In NewLife Sciences, the district court held that the notice-prejudice rule was applicable to a policy that had a condition requiring claims to be reported “as soon as practicable, but in no event later than 30 days after the Policy Period.”

This insurance coverage dispute arose out of an underlying action brought by NewLife Sciences LLC against two individuals who, in turn, filed a cross-complaint against NewLife Sciences and two of its executives (collectively, “NewLife Sciences”) in June 2008. In November 2008, the claimants filed an amended cross-complaint alleging what the insureds believed to be an injury covered under their professional liability policy. NewLife Sciences tendered their defense of the amended cross-complaint a year later, in November 2009, to their insurer. The insurer declined to defend the underlying action because the claim was first reported to the insurer more than thirty days after the expiration of the relevant policy. In May 2012, a second amended cross-complaint was filed and, in December 2012, NewLife Sciences re-tendered the defense of the cross-complaint to the insurer and asked it to reconsider its coverage position. The insurer, however, denied coverage a second time on the same basis. NewLife Sciences, in turn, filed a lawsuit against the insurer alleging a breach of the insurance contract.

The insurer moved to dismiss, on the basis that its policy was a “claims made and reported” policy and, therefore, the notice prejudice rule did not apply. NewLife Sciences, on the other hand, argued that the policy was more accurately described as a “claims made policy,” and that the notice provision therefore could only serve as a basis to deny coverage if the insurer was prejudiced by the delayed notice.

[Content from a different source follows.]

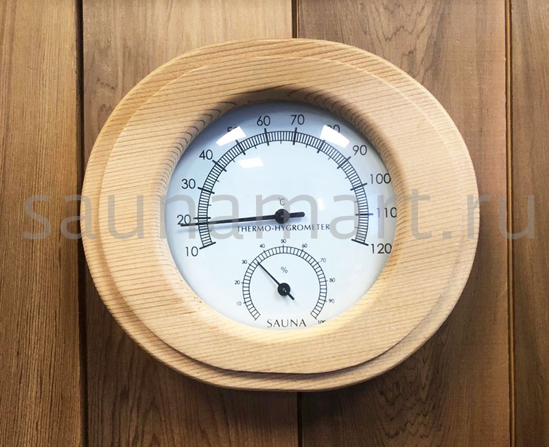 Термогигрометр имеет оригинальную круглую форму. В широкой рамке из древесины кедра  находится циферблат, который сообщит о температуре воздуха. Данный прибор прекрасно подойдёт для использования в парной. Максимально допустимая для измерения температура составляет 120 градусов Цельсия. Этого максимума достаточно для комфортных банных процедур. Нагнетание в парном помещении большей температуры нежелательно, так как может быть опасным для здоровья. Благодаря универсальному дизайну термометр станет прекрасным дополнением любого интерьера.

The NewLife court denied the insurer’s motion to dismiss. In reaching its holding, the court found that the policy was more accurately described as a “claims made” policy because, inter alia, it stated on the declarations page that it was a “Claims Made” policy and the reporting provision was found outside of the insuring agreement. The court reached this conclusion without citation to any California case law. Notably, several cases, including the Central District of California’s ruling in Vision Quest Industries Inc. v. Travelers Casualty & Surety Co. of America, 2008 U.S. Dist. LEXIS 108691 (C.D. Cal. Mar. 25, 2008), [enhanced version available to subscribers], have reached contrary rulings based on identical or nearly identical facts.